0

I have this code that works like a charm for small files. It just dumps the whole file into memory, replaces NUL and writes back to the same file. This is not really very practical for huge files when file size is larger than the available memory. Can someone help me convert it to a streaming model such that it won't choke for huge files.

Get-ChildItem -Path "Drive:\my\folder\path" -Depth 2 -Filter *.csv | 
Foreach-Object {
$content = Get-Content $_.FullName
#Replace NUL and save content back to the original file
$content -replace "`0","" | Set-Content $_.FullName
}
APS
  • 1
  • 2
    What research efforts have you undertaken thus far? – Bill_Stewart Apr 20 '21 at 17:27
  • What's up with the replace pattern? You are escaping the 0. if your intent is to replace the zero it might not work. Let me know and I'll update my answer accrdingly. – Steven Apr 20 '21 at 18:03
  • 1
    @steven backtick0 in powershell is ASCII 0 / NUL character in the CSV file, that I am trying to replace with empty string. – APS Apr 20 '21 at 22:06
  • I just thought of this, but it might be a better practice to try and match `\0`. I know in other RegEx flavors that'll match a NUL. Typical advice in PowerShell is to use the RegEx metacharacters for operators like `-replace` & `-split`. – Steven May 02 '21 at 16:42

2 Answers2

1

The way you have this structured the entire file contents have to be read into memory. Note: That reading a file into memory uses 3-4x the file size in RAM, which's documented here.

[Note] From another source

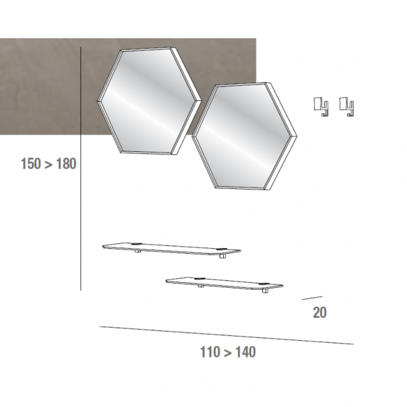 Questa composizione si distingue per i due specchi esagonali, impreziositi da un sottile telaio in alluminio nero opaco, che creano un piacevole gioco geometrico sulle pareti, riflettendo la luce e ampliando visivamente l’ambiente.

Without getting into .Net classes, particularly [System.IO.StreamReader], Get-Content is actually very memory efficient, you just have to leverage the pipeline so you don't build up the data in memory.

Note: if you do decide to try StreamReader, the article will give you some syntax clues. Moreover, that topic has been covered by many others on the web.

Get-ChildItem -Path "C:\temp" -Depth 2 -Filter *.csv | 
ForEach-Object{
    $CurrentFile = $_
    $TmpFilePath = Join-Path $CurrentFile.Directory.FullName ($CurrentFile.BaseName + "_New" + $CurrentFile.Extension)
    
    Get-Content $CurrentFile.FullName |
    ForEach-Object{ $_ -replace "`0","" } |
    Add-Content $TmpFilePath 

    # Now that you've got the new file you can rename it & delete the original:
    Remove-Item -Path $CurrentFile.FullName
    Rename-Item -Path $TmpFilePath -NewName $CurrentFile.Name
} 

This is a streaming model, Get-Content is streaming inside the outer ForEach-Object loop. There may be other ways to do it, but I chose this so I could keep track of the names and do the file swap at the end...

Note: Per the same article, in terms of speed Get-Content is quite slow. However, your original code was likely already suffering that burden. Moreover, you can speed it up a bit using the -ReadCount XXXX parameter. That will send some number of lines down the pipe at a time. That of course does use more memory, so you'd have to find a level that helps you say within the boundaries of your available RAM. Performance improvement with -ReadCount is mentioned in this answer's comments.

Update Based on Comments:

Here's an example of using StreamReader/Writer to perform the same operations from the previous example. This should be just as memory efficient as Get-Content, but should be much faster.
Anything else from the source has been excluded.